== Required action ==
No line before the one holding "La face de béton" is wanted; restate word for word that line and all lines after it to the end of the entries, excluding pictures.
* * * * *
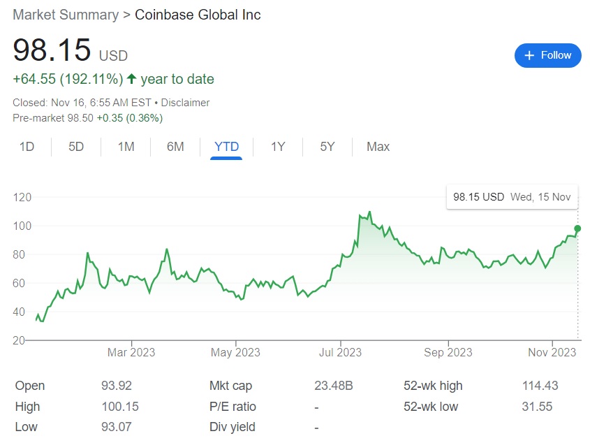 - Las acciones de Coinbase se han disparado más de 190% en lo que va de 2023
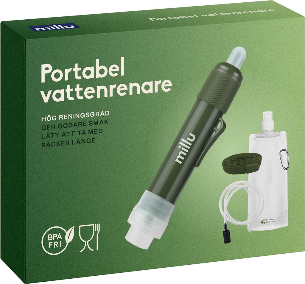 innehåller: vattenfilter, sugrör, plastetui, halsrem och påse för förvaring.
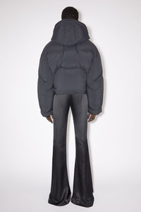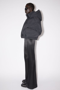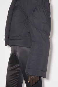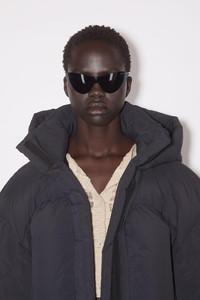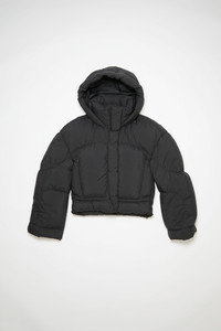 Acne Studios black hooded puffer jacket features a zipper closure, side pockets, and an embroidered Acne Studios logo at the neckline. Cut to a relaxed fit with a funnel neckline and below waist length. - Relaxed fit - Below waist length - Funnel neck and hood - Zipper closure - Zipper pockets - Embroidered Acne Studios logo - Fully lined - Model is 179 cm / 5′11 and wears a size 36 - Style ID: FN-WN-OUTW000814 - Filling made from recycled down and recycled feathers. Lining made from recycled nylon. - Shell: 100% Nylon, Lining: 100% Nylon, Filling:
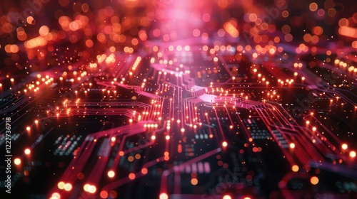 Obraz premium Abstract close-up view of a vibrant circuit board with glowing lights and intricate patterns
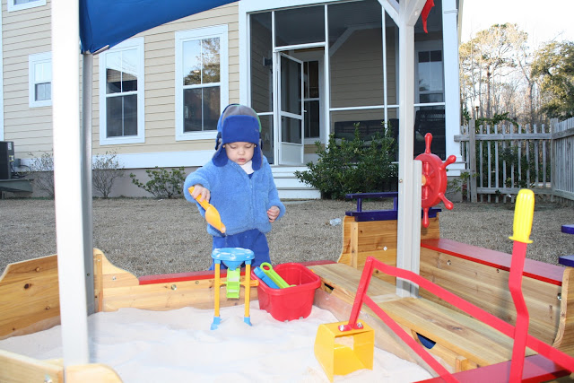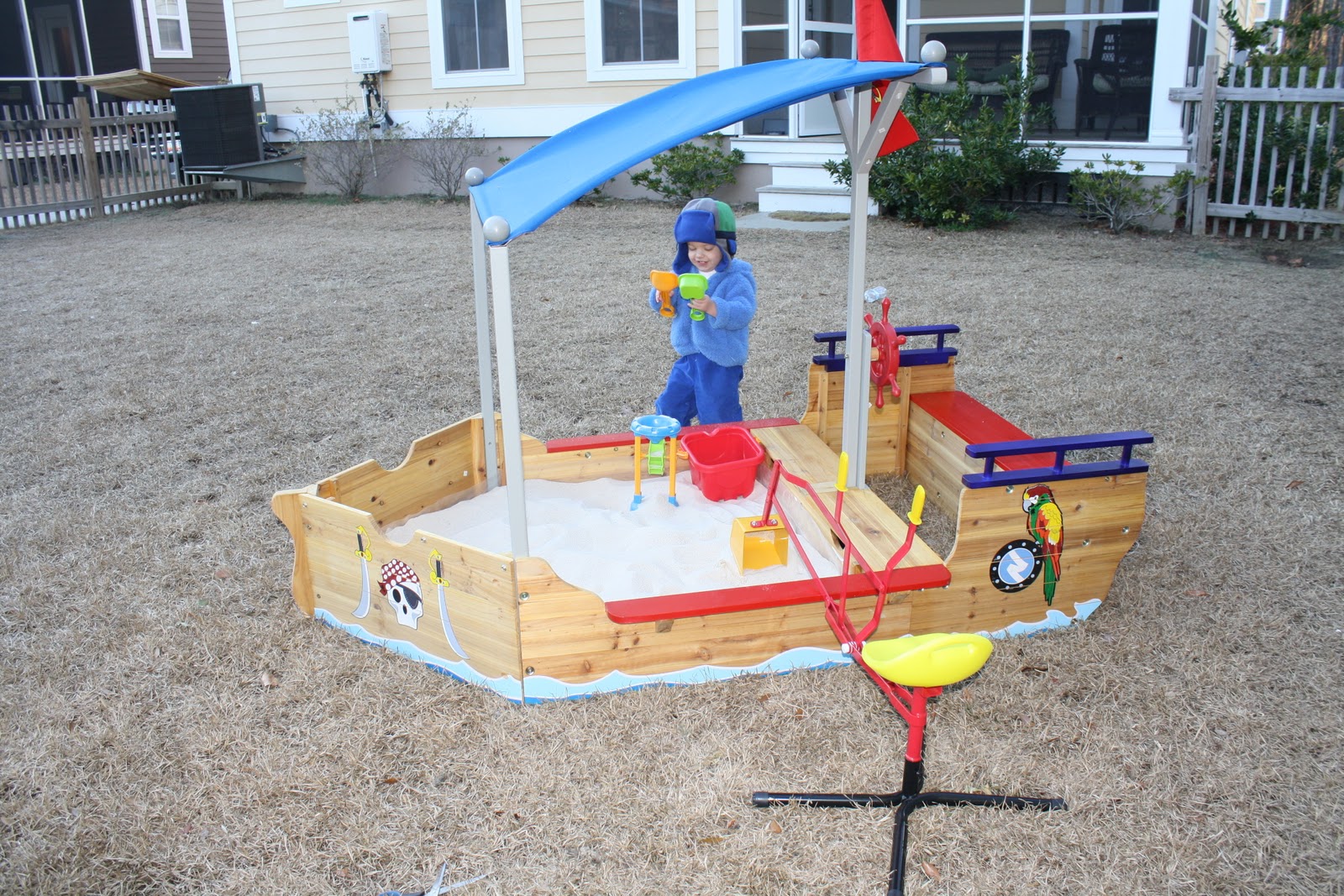 We had a fun Saturday morning  at Chuck E Cheese for Mackennas 3rd birthday! When we came home we put Carson down for his nap, and Todd started on Carsons early birthday present! It took Todd four hours to put together but was obviously worth it! Carson loves his new boat sandbox! I see many sand castles in our future this summer 🙂
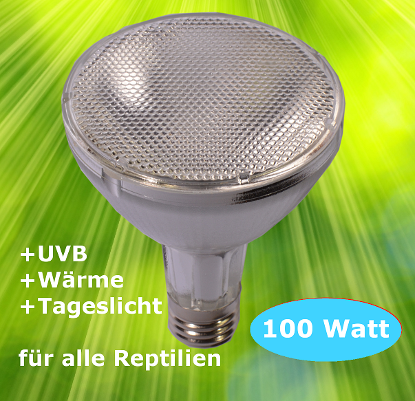 Die REPTILES EXPERT! UVB Metalldampflampen von Terrarienbau Adrian Rieser wurden in langen Versuchsreihen ausgiebig getestet. Diese Produkte von Terrarienbau Adrian Rieser zeichnen sich durch ideale UVB-Strahlung und sehr gute Tageslichtabgabe (6000k) mit einer guten Wärmeabstrahlung aus. Diese Kombination ist ideal für Reptilien und einfach für die Besitzer. Die UVB Strahlung ist höher als bei Energiesparlampen oder Leuchtstoffröhren und besonders für Wüstentiere bei einem Abstand von mehr als 30 cm im Terrarium geeignet. Neueste Technologie garantiert ein gleichmässiges UVB-Spektrum und lange Lebensdauer.
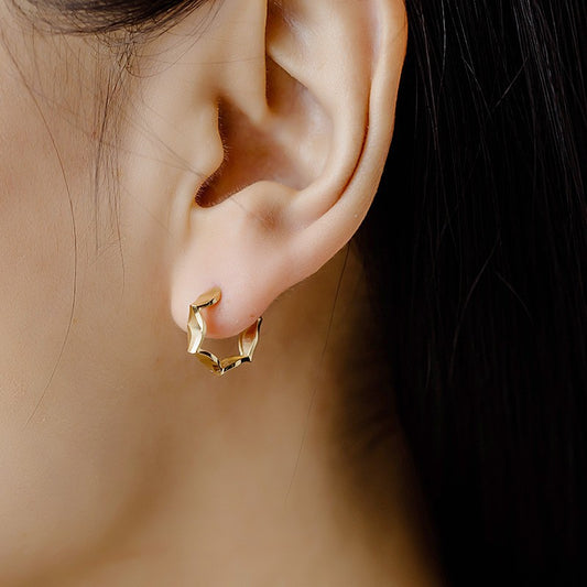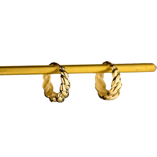 14K Solid Gold Twisted Hoop Earrings – Minimalist Shiny Spiral Design for Everyday Glam
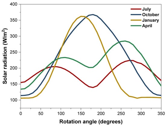 Figure 13 presents the monthly average incident GVT for the seasonal representative months as a building is rotated clockwise from 0 to 350 degrees. It was observed that the summer and spring months (i.e., July and April) had similar sinusoid-shaped solar radiation patterns. Two peak values, at 80° and 270° for July and 110° and 260° for April, were also noticed. The lowest solar radiation was found along the north surface (i.e., 0°) for April and the south (i.e., 180°) for July. Similarly, the autumn and winter months (i.e., October and January) were investigated and showed a similar Gaussian-shaped solar radiation pattern. The highest solar radiation was found at 180° for October and 150° for January. Furthermore, the lowest solar radiation was found at 0° for October and 290° for January. It was deduced that for individual months and seasons, the maximum average solar radiation might not be derived on the south surface, which typically has the highest amount of solar radiation. Similarly, other unconventional surfaces, in addition to the four principal surfaces, can provide high solar radiation for BIPV. These findings also have passive design implications. For example, there is more solar heat gain (Q) when a building is oriented towards the south in the autumn and winter seasons. However, Q may be relevant for increasing the indoor temperature during cool seasons. This increase in temperature improves the thermal conditions of rooms and might reduce the cost of warming up spaces. Similarly, the north orientations have low Q in cool seasons. Nevertheless, the possibility of space heating is eliminated, increasing the energy spent on heating. For the summer months, the south orientation provides less Q, which is preferable for indoor cooling. Moreover, solar shading is required in summer and spring if its orientation is towards the northwest. In practice, in addition to properly orientating the building, passive solar designs involve planning and orientating spaces within the building to harness or eliminate Q.
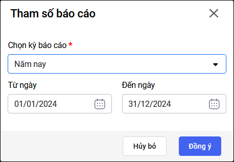 • Chọn khoảng thời gian in báo cáo: Từ ngày, Đến ngày
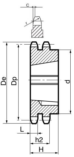 Габаритные размеры Звездочка под втулку SATI 19,05 12B-2 Z=20
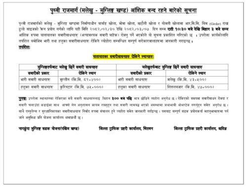 सूचना अनुसार राति साढे १० बजेदेखि बिहान ३ बजेसम्म सडक बन्द रहनेछ । मुग्लिनबाट मलेखुतर्फ गुड्ने ठूला गाडीलाई मुग्लिन र साना गाडीलाई कुरिनटारमा रोकिने सूचनामा उल्लेख छ । यस्तै मलेखुबाट मुग्लिनतर्फ गुड्ने गाडीमध्ये ठूला गाडी मलेखु र साना गाडी शीतल बजारमा रोकिनेछन् ।
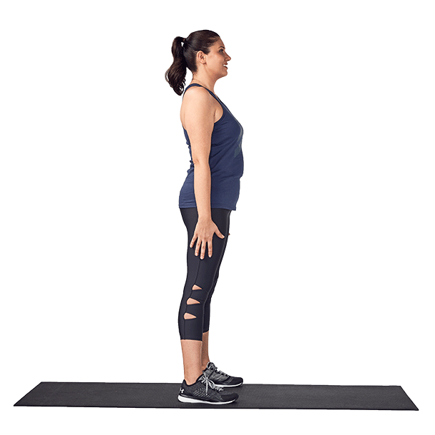 1. Stand with your feet slightly wider than hip width and your toes turned out slightly.
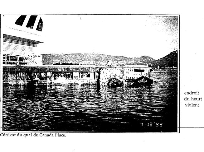 La face de béton du quai de Canada Place a été brisée légèrement et s'est écaillée au droit du point de contact (voir l'annexe C).
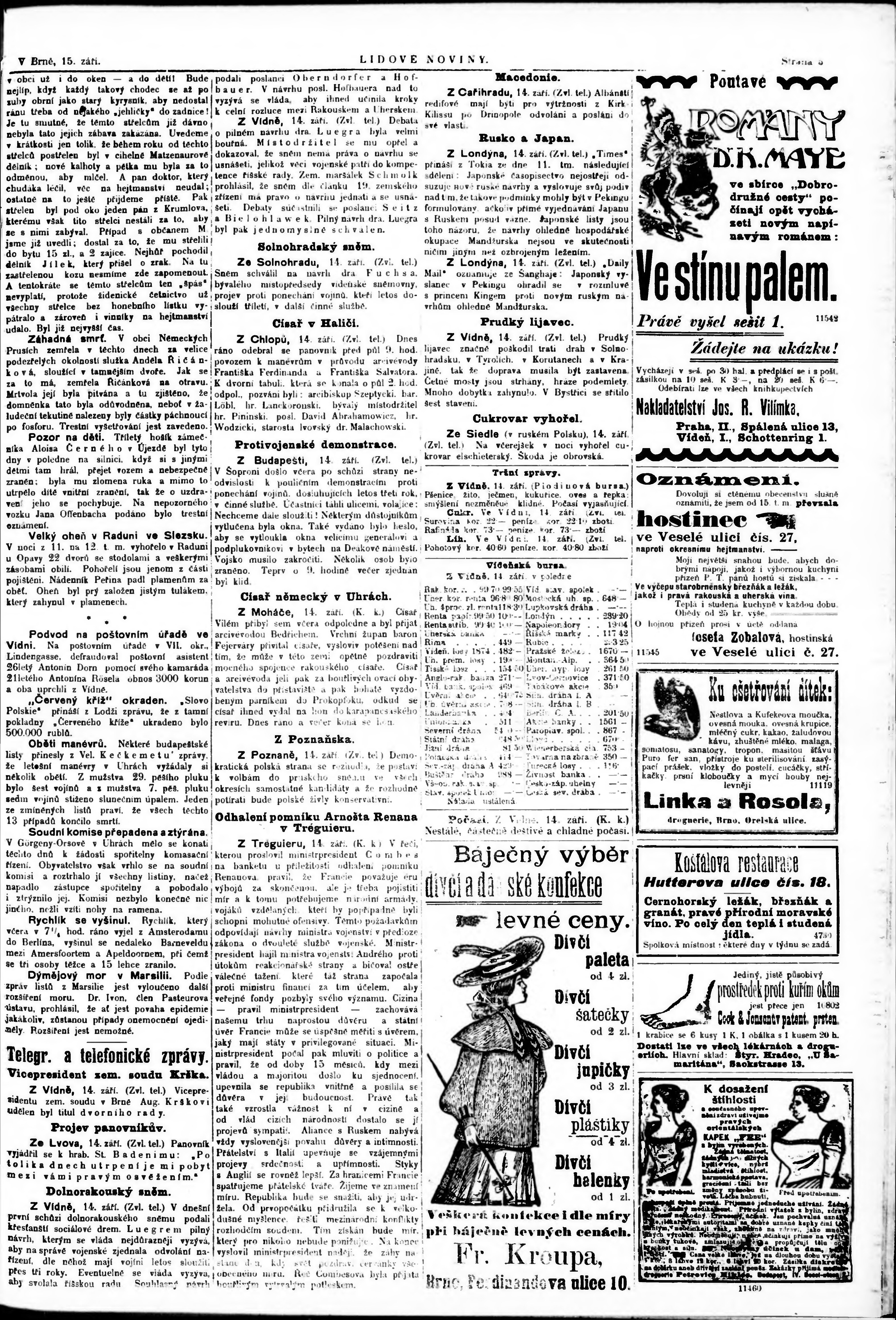 * Datum vydání výtisku: 15.9.1903 Číslo výtisku: 210
* * * * *
== Result of this task ==
 La face de béton du quai de Canada Place a été brisée légèrement et s'est écaillée au droit du point de contact (voir l'annexe C).
 * Datum vydání výtisku: 15.9.1903 Číslo výtisku: 210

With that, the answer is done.